/unremarkable-vh-rag

Primary LanguageJavaScriptMIT LicenseMIT

unRemarkable.ai GPT vs. Assistants Demo

Exploring a panel of experts assistants model.

  • Mixing Vertical Horizontal RAG Architectures
  • Faceted Search, Semantic Retrieval, & Data Analysis

Setup

This project leverages Dev Containers meaning you can open it in any supporting IDE and get started right away. This includes using VS Code with Dev Containers which is the recommended approach.

Once opened in your development container, create a .env.development.local file with your OpenAI API key:

OPENAI_API_KEY=sk-...

Now you can run the following commands:

npm install
npm run db:create
npm run db:index

Demo Commands

This will run the various OpenAI Assistants API demos. The demo:gpt command will mimic a Custom GPT's knowledge retrieval. The demo:rag will demonstrate the same Q&A sequence with a panel of experts using the Assistants API.

npm run demo:gpt
npm run demo:rag

Images created by any run step such as charts created by code interpreter will be saved to the ./files directory. These are git ignored. You can use the following environment variables to customize the scripts' behaviors.

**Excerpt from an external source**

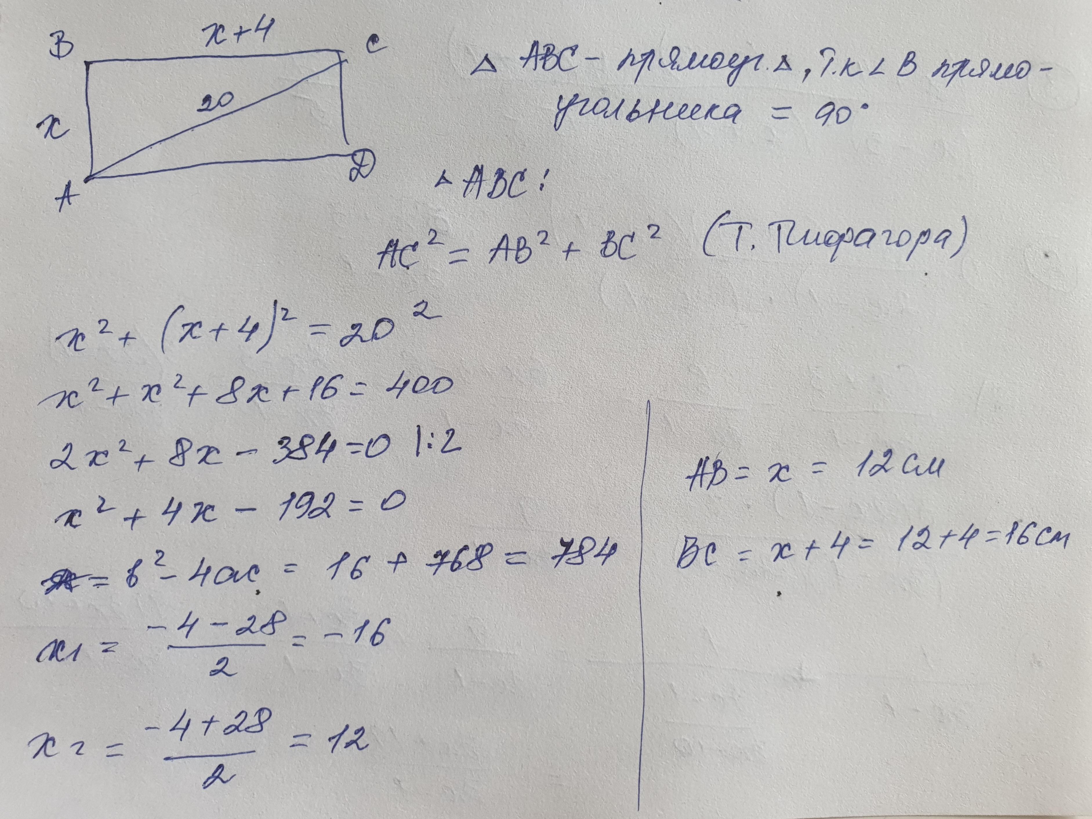 них на 4 см довша за другу, а діагональ прямокутника 20 см.

  • DEBUG Set to any value to enable debug 🪲 logging.
  • KNOWLEDGE_FORMAT Set to process a specific knowledge format. Options: csv, json, md. Defaults to CSV. Only used in the demo:gpt script.

Access OpenSearch

To access the OpenSearch Dashboards hosted in the dev container, use the following URL. Use the admin username and admin password to log in.

http://localhost:5601

Luxury Apparel Data

The data used for this demonstration is from Kaggle.

https://www.kaggle.com/datasets/chitwanmanchanda/luxury-apparel-data

Here are the categories in the dataset. Use these to test your own pre-filtered queries.

  • Accessories
  • Activewear
  • Jackets/Coats
  • Jewelry
  • Pants
  • Shirts
  • Shoes
  • Suits
  • Sweaters
  • Underwear and Nightwear

Notes

Consider 1st tier pass-thru tool data. For example, if products responds with Yes. is there any guarantee that the orchestrator should echo that message or answer in it's own words? Should products return raw tool data only or LLM response to said data?